馬融不僅是馬氏核心成員,他身為朗州司馬,執掌朗州兵曹、州營及州獄等事,真要封鎖從沅水入敘州的通道,也是他去實施,但他也是覺得文瑞臨此時的如臨大敵有些受驚過度。
韓道勛父子有沒有野心,馬融不好說,但心想只要是人,有野心很正常,在座的任何一人,誰沒有一點野心跟奢想,難不成都還不能用的?
至於會不會是金陵那邊故意設計,馬融也覺得文瑞臨多慮了,此時的金陵應該防備著這邊生亂,怎麼可能千方百計的引誘這邊生亂?
難不成金陵已經其他方向的局勢,都掌控住了,內部爭嫡之事都是假象,這時候能騰出手來解決潭州的問題?

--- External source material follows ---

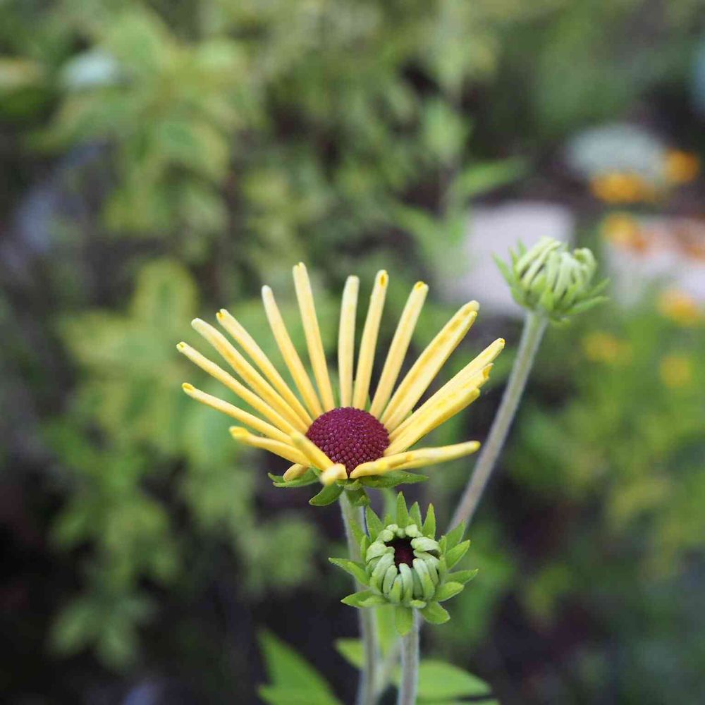 さん、ルドベキアいろいろありますよね。うちにも何種類かありますが、これが一番最後に咲きますこのストローみたいな花びらがいいんですよね😊
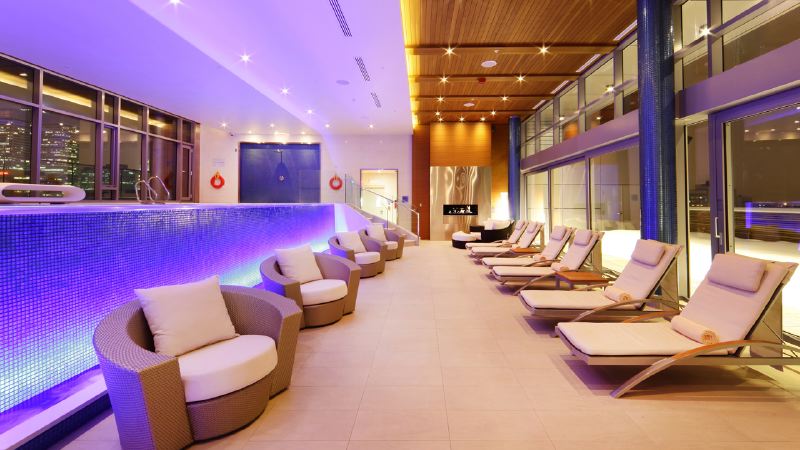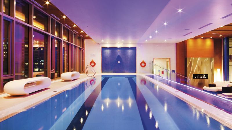 - Fitness centre with indoor pool, hot tub, and steam rooms

倘若真要是如此,那不管怎麼說,潭州要不想所有人乖乖接受金陵的安排,軍政大權徹底被金陵接管過去,就怎麼著也得掙扎一下。
馬融繼續說道:
「天下沒有畏懼敵人強大,而自斷手足的道理,何況韓家父子是敵是友,現在說還太早了。更關鍵的,即便金陵會有變亂,但所持續的時機也很可能不會太久,我們現在並不能不思進取。」
在場除世子馬循外,以馬融、馬元衡兩人份量最重,他們都如此說,文瑞臨心想世子或許都不會將這事遞到節度使跟前,就會做出決斷了吧?
文瑞臨心裡又想,或許真是自己想太複雜了,要是怎麼看都不明白,也許最簡單、直接的,才是真相?
「以叔父所見,我們當如何為之?」馬循看向馬融,問道。
「以黔江客棧的名義,向韓謙貸出五百餅金,看他敢不敢出據收條,收下這筆錢,」馬融跟馬循提出建議,又看向文瑞臨,問道,「文先生覺得呢?」
文瑞臨知道馬融是武將出身,有進取之銳志,不喜歡縮頭縮腳什麼事都不敢做,但也不得不承認,先拿金餅試探要更穩妥一些。
五百餅金,相當於六百萬錢。
一家容留販夫走卒歇腳的食肆客棧,要是拿出這筆巨資,以借貸的名義交給韓謙,換取於黔陽城外築堤圍墾的便利,鬼都能猜到這筆錢來自於哪裡。
韓道勛、韓謙父子收入這筆錢後,要是金陵那邊沒有什麼動靜,岳州以東的楚兵沒有什麼調動,而韓道勛父子還真就默許他們將數百甚至上千屯卒及部分家眷送到敘州,以圍墾的名義,在沅水之畔,擇兩到三處要隘之地,先安置下來,那至少不用擔心這是金陵所設的圈套了。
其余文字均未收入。